Jul 20, 2011

Rebel banana chocolate bread

Long time no post: life goes fast, food disappears even faster, no food - no pictures, blog without pictures is no fun. This cake almost made it to the moment of capture but part of it fell into the glass with milk so I had urgently eat it and drink some of the milk, so what you see on the pic is the part that has survived (not for long time, though, I was truly hungry).

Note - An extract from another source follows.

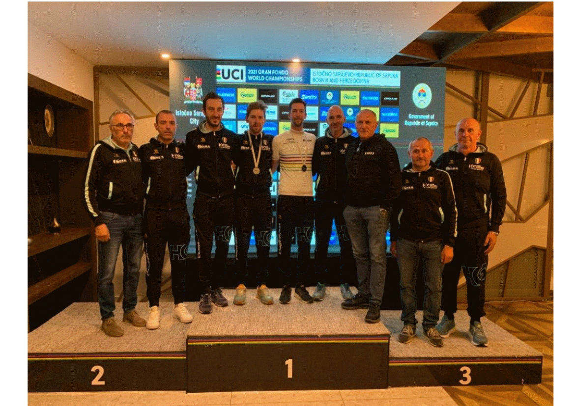 Non è passata inosservata l'impresa del sodalizio amatoriale di Piane di Montegiorgio che ha piazzato due corridori di primo piano nella gara di 100 chilometri riservata ai master 1 con un meteo inclemente tra pioggia, freddo e neve. Martinelli è riuscito a fare la differenza con un assolo che gli è valso la conquista della maglia iridata, staccando di 11 secondi il valoroso compagno di squadra Carlini, terzo Fabio Cini a 40” dal vincitore. “Ho tenuto duro, dando il tutto per tutto e, alla fine è arrivata questa vittoria – ha spiegato con una punta d’orgoglio e con emozione Martinelli, abruzzese di Mozzagrogna - La gara si è decisa tutta sull'ultima salita dove a 3 dell'arrivo ha attaccato Ettore a ripetizione per fare selezione. All'ultimo km siamo andati via io e Ettore è sono arrivato con qualche secondo di vantaggio. Sono contentissimo per la vittoria e per il podio di Ettore che è stato fondamentale per la vittoria. Un autentico trionfo di squadra, dopo una tattica perfetta con lo scopo della vittoria di entrambi. Voglio dedicare questo successo e il podio al nostro presidente Fabrizio Petritoli che fa molti sacrifici per noi insieme a tutti gli sponsor e a tutti i nostri compagni di squadra”. Gli ha fatto eco Carlini (anche lui abruzzese di Fossacesia) nonché detentore del titolo italiano: “È stata una gara dura a causa della pioggia del freddo e del percorso, sulla prima salita siamo andati via in cinque. Eravamo io, Ivan Martinelli, Fabio Cini, un tedesco, l’ex prof olandese Johnny Hoogerland poi abbiamo ripreso un altro olandese che era andato in fuga. Poi la gara si è decisa tutta sull'ultima salita dove ai 3 chilometri dal traguardo ho attaccato io a ripetizione per fare selezione e mettere in difficoltà gli altri. All'ultimo chilometro siamo andati via io e Ivan e quest’ultimo è arrivato con qualche secondo di vantaggio. Questo argento è fonte di soddisfazione che ripaga i sacrifici della stagione e anche del nostro presidente Fabrizio Petritoli a cui va la dedica di questa performance che ci ha permesso di essere tra i più forti al mondo”. La spedizione iridata in Bosnia è stata contraddistinta dal piazzamento ai piedi del podio di Vladimiro D’Ascenzo: quarto di categoria tra i master 5 per l'atleta di Bellante.

This cake is a product of my mom's receipt and my forced creativity as I discovered I'm almost out of flour when it was too late to suspend the magic of cake preparation. A colleague of mine who had some of the RBCB said "It's almost as good as what my mama makes, and you can't compete with mama" which I consider an evidence for the success of my small spontaneous experiment. So, here's what one needs:

2-3 riped bananas (the blacker they are the better as the riper bananas are the more flavor they give)
2 eggs
1 cup of brown sugar (any will do, actually)
1/2 cup of sunflower oil
1/2 cup of milk
1/2 cup of flour + baking powder (I usually take 1/2 pack per cake)
1/2 cup of cacao
1 cup of almond flour
a pitch of salt, cinnamon, nutmeg
100g of coarsely chopped walnuts or pecan 

Preheat the oven (200C). Sift flours, cacao, salt and spices together, add walnuts. Blend bananas with eggs and sugar, then blend milk with oil so the emulsion is formed, bring all ingredients together, mix well. Line the baking form with some paper or grease it well with some butter (then it might be a good idea to sift it with mixture of flour and cacao before adding dough)/ Pour the dough in the form (I used 10x30 form) and bake 15' at 200C and then reduce the heat to 180 and bake some 45' or till the knife comes out clean. I let the cake to sit in the form overnight, and it was tender and moist and very chocolatey. However one can barely tell that it has bananas in there, so if you want the banana tasting banana bread probably you should take 3 bananas and not add as much cacao.

Feb 20, 2011

Sugar terror: peanut butter cheesecake threat

I made this cake for one house-cooling party. We were quite a lot of people, and I was seeking for something rich to bake, so one regular sized cake would satisfy all of us (we were 16 or so). I have found these receipt on joyofbaking.ca, and I loved the idea. So, ladies and gentlemen, welcome the peanut butter cheesecake!
It consists of 3 major parts: base, cheese and chocolate. Let's go one by one.
1.5 cups of chocolate biscuits, crumbled
2 tablespoons of sugar
6 tablespoons (85 g) of butter
Turn on the oven at 180C. Mix the cookies crumble with sugar and melted butter, you will get a dough-like substance. Distribute it evenly in your baking form (before that you might cover the form with baking paper or foil or at least some butter, so you could remove the cake afterwards), don't forget to make sides of 2-3 cm. Bake the whole construction for ~10 minutes, till it gets firm. Let it cool down a bit afterwards.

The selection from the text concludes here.